The Swedish Teaching Union is calling for improved collaboration between teachers, social services, youth psychiatrists and the police. It also wants increased investment in student welfare services, to help spot the early warning signs of student mental health problems, and better “rapid-response” psychological help for pupils.
Sweden’s Social Democrat Prime Minister Magdalena Andersson told Swedish Television she agreed there was a need for more detailed discussions about school safety. She said she supported increased resources for police and social services, to help identify pupils with psychological problems more quickly.
Copycat risk
On the right of the political spectrum, there are renewed calls for tougher punishments for violent crimes, easier exclusions of troubled teenagers, and the introduction of weapon detectors at school gates, says Ms Wikman.

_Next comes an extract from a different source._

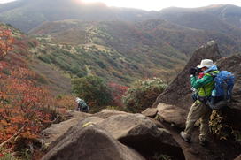 | くじゅう連山の表玄関と言えば、長者原と牧ノ戸登山口である。特に牧ノ戸は久住山に近く、歩きやすい登山道なので人気が高い。シーズンともなれば大勢の登山者が押し寄せて、とても賑やかな登山口となる。今回はその牧ノ戸登山口から久住連山をグルッ〜と一回りしてみた。晩秋の風は冷たかったが、一生懸命歩くにはちょうど良い気候だった。 |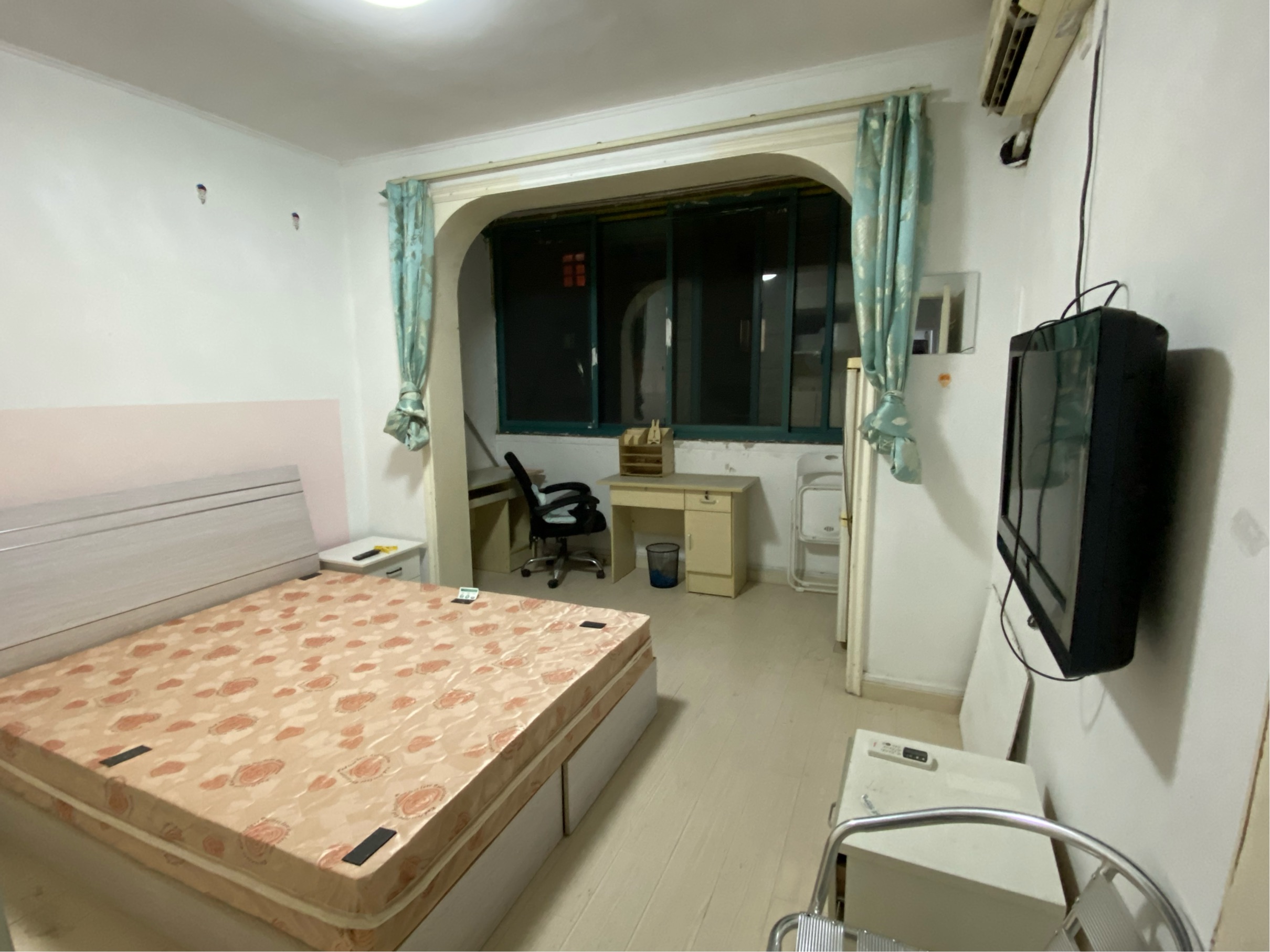 【2室,无中介】淞虹路地铁站100米。按一房价格便宜出租,性价比高!一房改两房,一大一小。 优势1,小房间可以当成书房,大房间做卧室,朝南,阳光充足,视野开阔没有遮拦。 优势2,空调、冰箱、电视机、洗衣机、橱柜、写字桌等生活设施俱全,煤气灶、微波炉全新。屋内装有Wi-Fi,路由器,IP高清电视可看。拎包入住。 优势3,旁边有蔬菜水果店,超市,美容美发店,健身房,还有大融城商场,非常适合居住生活。 优势4,我是房东,直接交易,没用中介费。可以长租。

In the meantime, both teachers and academics are worried about the risk of copycat violence. “My concern is that attacks like these will inspire others to conduct similar attacks,” says Matson. His research into violent extremism already suggests a tendency for Swedish criminals to follow national trends.
Marie Wall Almquist is worried too. She’s still struggling to come to terms with what happened last Monday evening, when she assumed she’d just be shutting down her laptop, and sitting down to a quiet dinner with her husband.
“The evening, it became different. Very different. I don’t want such an evening again.”